Вот Сэцуко, например. Приводит ко мне в комнату свою подругу. Ясное дело, я смешу их, потом подруга уходит, и Сэцуко обязательно говорит о ней гадости: паршивая девица, держись подальше от нее и тому подобное. Уж лучше бы вообще не приводила ее, и так у меня в гостях бывают одни только бабы.
И все же пророчество Такэити в полной мере тогда еще не сбылось. Собственно, чем я был в то время? Всего лишь местным Гарольдом Ллойдом. Только по прошествии нескольких лет глупый комплимент Такэити обернулся зловещей явью, расцвел пышным цветом и дал горькие плоды.
В свое время Такэити сделал мне еще один «подарок».
Однажды он появился у меня с какой-то книгой в руках, раскрыл ее и с победным видом показал цветной фронтиспис.

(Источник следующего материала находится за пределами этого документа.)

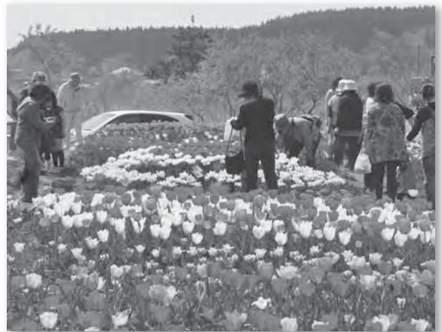
チューリップの花が満開

— Привидение, — пояснил он.
Что-то внутри меня оборвалось в этот миг. Уже потом, гораздо позднее я понял, что именно тогда передо мной развернулась пропасть, в которую я до сих пор продолжаю лететь. Картину я узнал — это был знаменитый автопортрет Ван Гога. В то время в Японии начался бум вокруг французских импрессионистов, собственно, от них пошло увлечение европейским искусством. В любой деревне школьник по репродукциям знал Ван Гога, Гогена, Сезанна, Ренуара. Я особенно интересовался Ван Гогом, видел много цветных репродукций его работ, уже тогда меня восхищала кисть художника, свежесть палитры, но, признаться, его картины никогда не ассоциировались у меня с чертями, привидениями.
— Ну а это — тоже привидение? — Я снял с полки альбом Модильяни и показал ему картину, на которой была изображена бронзово загорелая женщина.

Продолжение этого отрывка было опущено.